Sun Dec 8th through Sat the 14th, 2019 at Vancouver Convention Center
Specifically considering the setting where model provides a score that can then be used later in making a decision is novel to my knowledge. The paper is clearly written and introduces an original criterion that can also be generalised to non-binary decisions. Ultimate significance of this style of work remains uncertain - it is arguable that eventually such investigations must shift to the discussions of applicable fairness criteria in certain specific situations, e.g. credit scoring, video recommendation, search result ranking etc, with concrete guidance for practice.
This paper is a fairly straightforward but sensible extension of ROC/AUC to compare the quality of ranking across groups. xAUC is just the probability that a positive instance of group a is ranked above a negative instance of group b. The paper is well structured and clearly written and I would expect these metrics to be widely adopted in quantifying fairness. I have read the author response and comments from other reviewers. I am still of the opinion that this paper represents a significant contribution. I strongly argue that it be accepted. I agree that this paper does not tell you when you should sacrifice accuracy to reduce xAUC disparity. However, I think is unreasonable to expect that it answer that question, as such an answer will be incredibly context dependent and will be based more on sociology, political science & philosophy than on machine learning. Almost no paper on fairness in ML would have been published if this was the standard. I agree that there are too many papers in ML introducing new fairness metrics with very limited justification for them. But I don't think this paper falls in that category because: 1) They show how their metric helps clarify the Compas debate - which is a seminal example of fairness in ML, 2) Their metric is closely connected to (and a means for visualising) concerns relating to separation - which is one of the fundamental, widely discussed and used existing notions of fairness. From this point of view they are demonstrating a way of quantifying an existing fairness concept in the setting of ranking rather than introducing an entirely new (and disconnected metric). 3) This paper has done a substantially better job of clarifying the implications of their metric and how it connects with other metrics than most papers in this space. A clear understanding of the properties of a metric (as is given in Section 6) forms the starting point for the discussion of whether it is or not appropriate within a given context.
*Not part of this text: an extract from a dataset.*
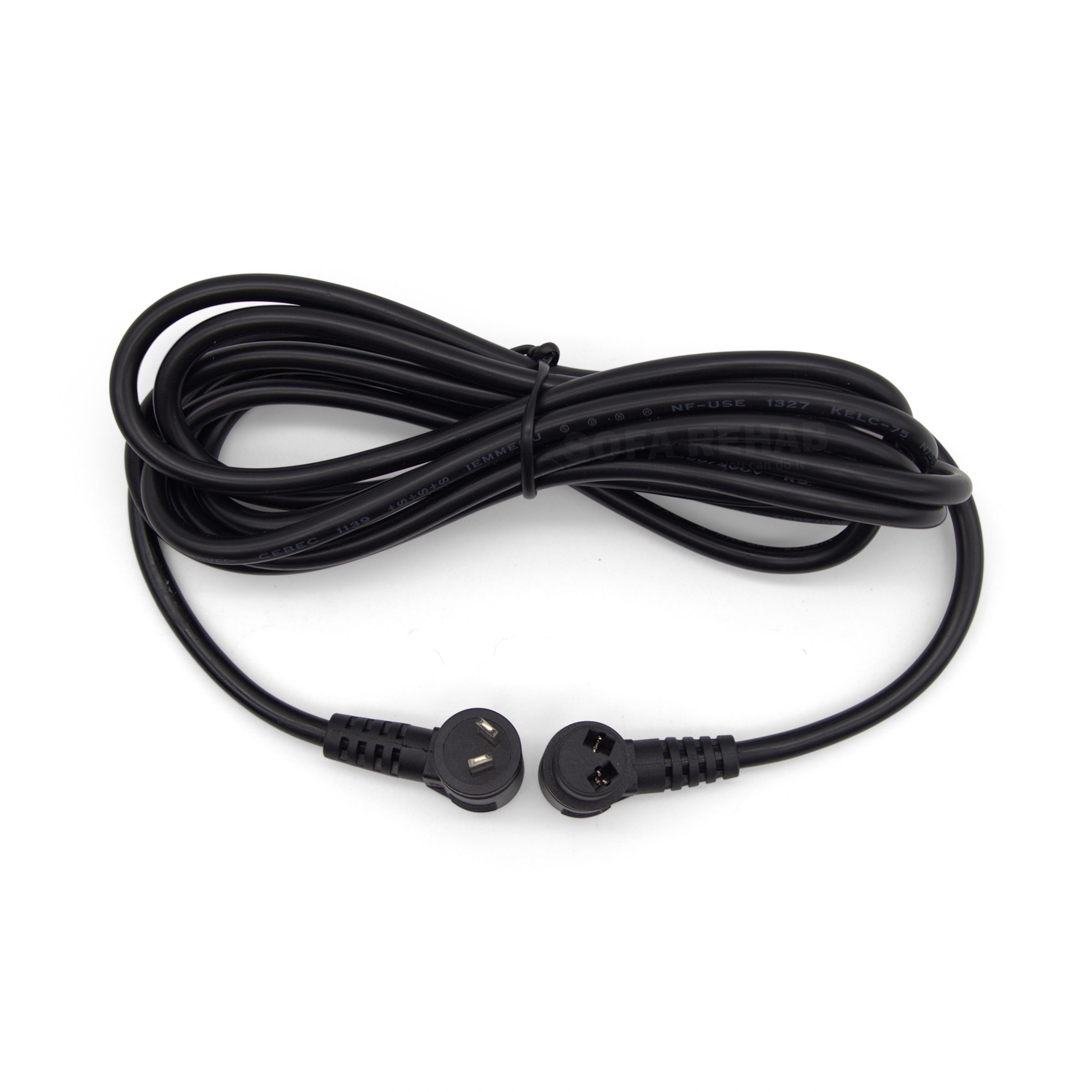 Featuring round 2 pin male to female connectors with flat blade pins set at a 45 degree angle, this cable is specifically suited to select Dewert and Okin systems. Both ends are 90 degree angled, allowing for a neater installation in tight spaces while reducing strain on the cable and connectors.

This paper is tough to review. On one hand, it's well written and carefully thought out. But I don't come away from the paper with a clear idea of what I should do with xAUC, or why I should prefer it over other measures. On occasion, the authors describe xAUC as measuring misranking, which -- if this is indeed what it measures -- would suggest an immediate intervention to remedy the misranking. However, the authors caution against efforts to adjust the scores to equalize xAUC. At other times xAUC is described as a diagnostic, but even the Bayes-optimal predictor could produce significant xAUC disparities, while a miscalibrated score (where there is clear misranking -- one group's risk is being consistently over or under-estimated) could produce no xAUC disparities. So it's unclear how one should interpret xAUC differences. The fairness literature is awash with fairness metrics, and I think the burden is on those proposing new metrics to make a compelling case for why we should prefer their metric to the existing alternatives. This paper has not convinced me that xAUC provides significant value over existing metrics. Response to author feedback: It's not the case that there are "no metrics specifically for disparate impacts of continuous risk probability scores." For example, in their paper "Risk, Race, & Recidivism: Predictive Bias and Disparate Impact," Skeem & Lowenkamp measure bias in continuous risk scores by fitting logistic regression curves to the score-outcome relationship for each group. Following the American Psychological Association's "Principles for the Validation and Use of Personnel Selection Procedures" they interpret significant differences in either slopes or intercepts between groups as evidence of bias in the risk scores (in other words, they require sufficiency to hold). This has been the APA's recommended way to measure bias in risk scores since at least 2003. COMPAS provides an illustrative example. xAUC suggests bias, while the APA's approach (applied by Flores et al. in their rejoinder to the ProPublica analysis titled "False Positives, False Negatives, and False Analyses") finds none. Which result should we believe? This paper doesn't make a compelling case for why the well-established approach should be discarded in favor of xAUC.